> [What you have to do]
Data follows below. Repeat exactly the lines between the line holding "此設計特色:紅色格紋圖案、貝殼、龍蝦、義大利元素" and the line holding "國原院同位素應用研究所李振弘", inclusive, and nothing more; drop pictures.

---------- Data listing

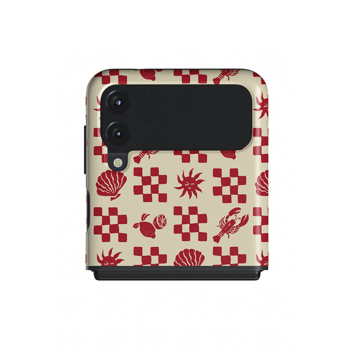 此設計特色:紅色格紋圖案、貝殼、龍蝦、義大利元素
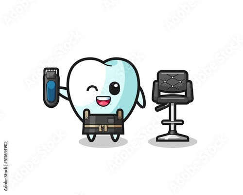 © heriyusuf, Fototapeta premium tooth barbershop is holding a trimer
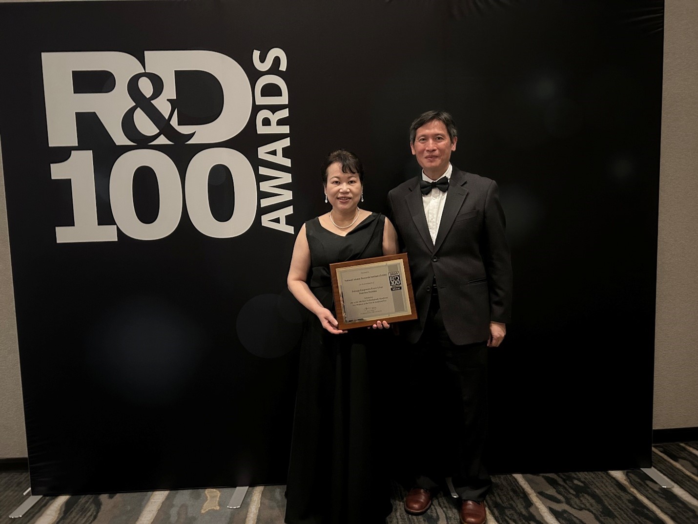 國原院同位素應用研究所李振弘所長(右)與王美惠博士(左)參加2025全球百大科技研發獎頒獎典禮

--------------------
---------- Data listing

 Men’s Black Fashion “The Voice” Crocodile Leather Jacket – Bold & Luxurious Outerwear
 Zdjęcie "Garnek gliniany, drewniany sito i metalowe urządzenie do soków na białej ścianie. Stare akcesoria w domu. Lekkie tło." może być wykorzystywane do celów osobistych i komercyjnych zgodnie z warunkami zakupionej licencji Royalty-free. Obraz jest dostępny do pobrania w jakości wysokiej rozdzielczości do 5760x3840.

--------------------

> [Result of the exercise]
 此設計特色:紅色格紋圖案、貝殼、龍蝦、義大利元素
 © heriyusuf, Fototapeta premium tooth barbershop is holding a trimer
 國原院同位素應用研究所李振弘所長(右)與王美惠博士(左)參加2025全球百大科技研發獎頒獎典禮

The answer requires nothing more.